WHAT THE TASK REQUIRES: Directions for the data below: repeat exactly the lines from the one with "Gofrera Doble de" through the one with "的八代之後,負責的團隊感覺忘記派對的精髓,地圖機制越做越爛,一直到 2024 的空前盛會,才有強勢回歸的感覺。", both included, and omit all pictures.

INPUT:
^^^^^^^^
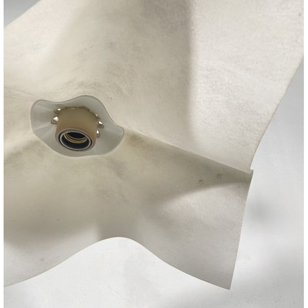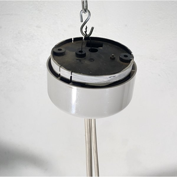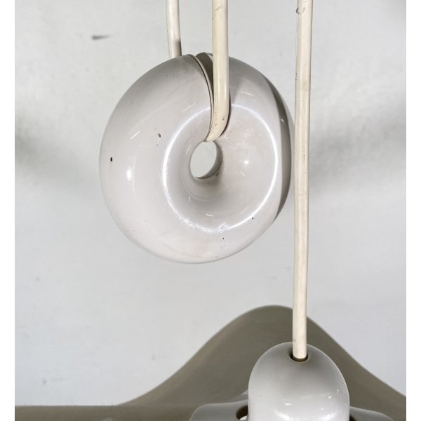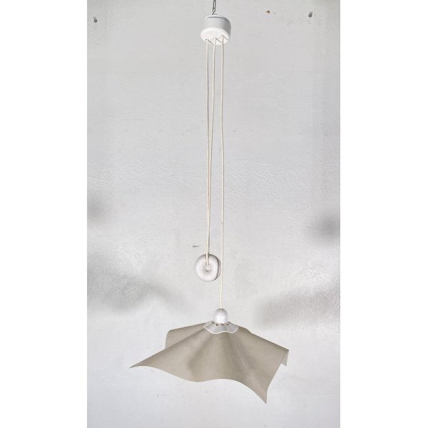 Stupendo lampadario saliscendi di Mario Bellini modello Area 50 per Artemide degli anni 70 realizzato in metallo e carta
^^^^^^^^
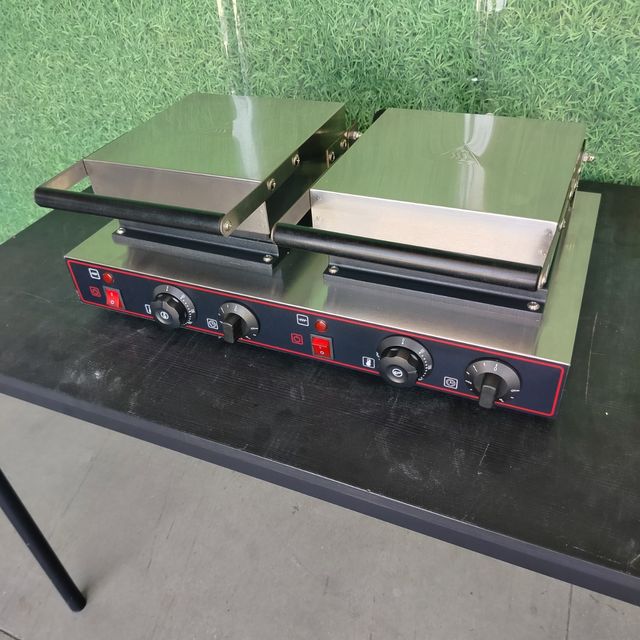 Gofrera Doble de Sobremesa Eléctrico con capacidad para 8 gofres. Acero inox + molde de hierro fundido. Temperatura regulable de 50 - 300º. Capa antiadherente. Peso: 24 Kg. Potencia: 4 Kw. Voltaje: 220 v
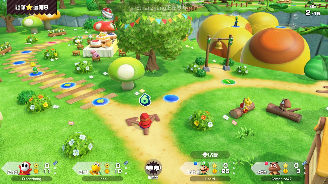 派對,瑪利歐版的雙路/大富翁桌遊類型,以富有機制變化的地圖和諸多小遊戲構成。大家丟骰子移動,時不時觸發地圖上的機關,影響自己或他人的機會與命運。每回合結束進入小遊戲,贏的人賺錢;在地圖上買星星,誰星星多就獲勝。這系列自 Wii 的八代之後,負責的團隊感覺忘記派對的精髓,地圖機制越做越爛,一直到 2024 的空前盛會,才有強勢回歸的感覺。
^^^^^^^^
RESULT:
 Gofrera Doble de Sobremesa Eléctrico con capacidad para 8 gofres. Acero inox + molde de hierro fundido. Temperatura regulable de 50 - 300º. Capa antiadherente. Peso: 24 Kg. Potencia: 4 Kw. Voltaje: 220 v
 派對,瑪利歐版的雙路/大富翁桌遊類型,以富有機制變化的地圖和諸多小遊戲構成。大家丟骰子移動,時不時觸發地圖上的機關,影響自己或他人的機會與命運。每回合結束進入小遊戲,贏的人賺錢;在地圖上買星星,誰星星多就獲勝。這系列自 Wii 的八代之後,負責的團隊感覺忘記派對的精髓,地圖機制越做越爛,一直到 2024 的空前盛會,才有強勢回歸的感覺。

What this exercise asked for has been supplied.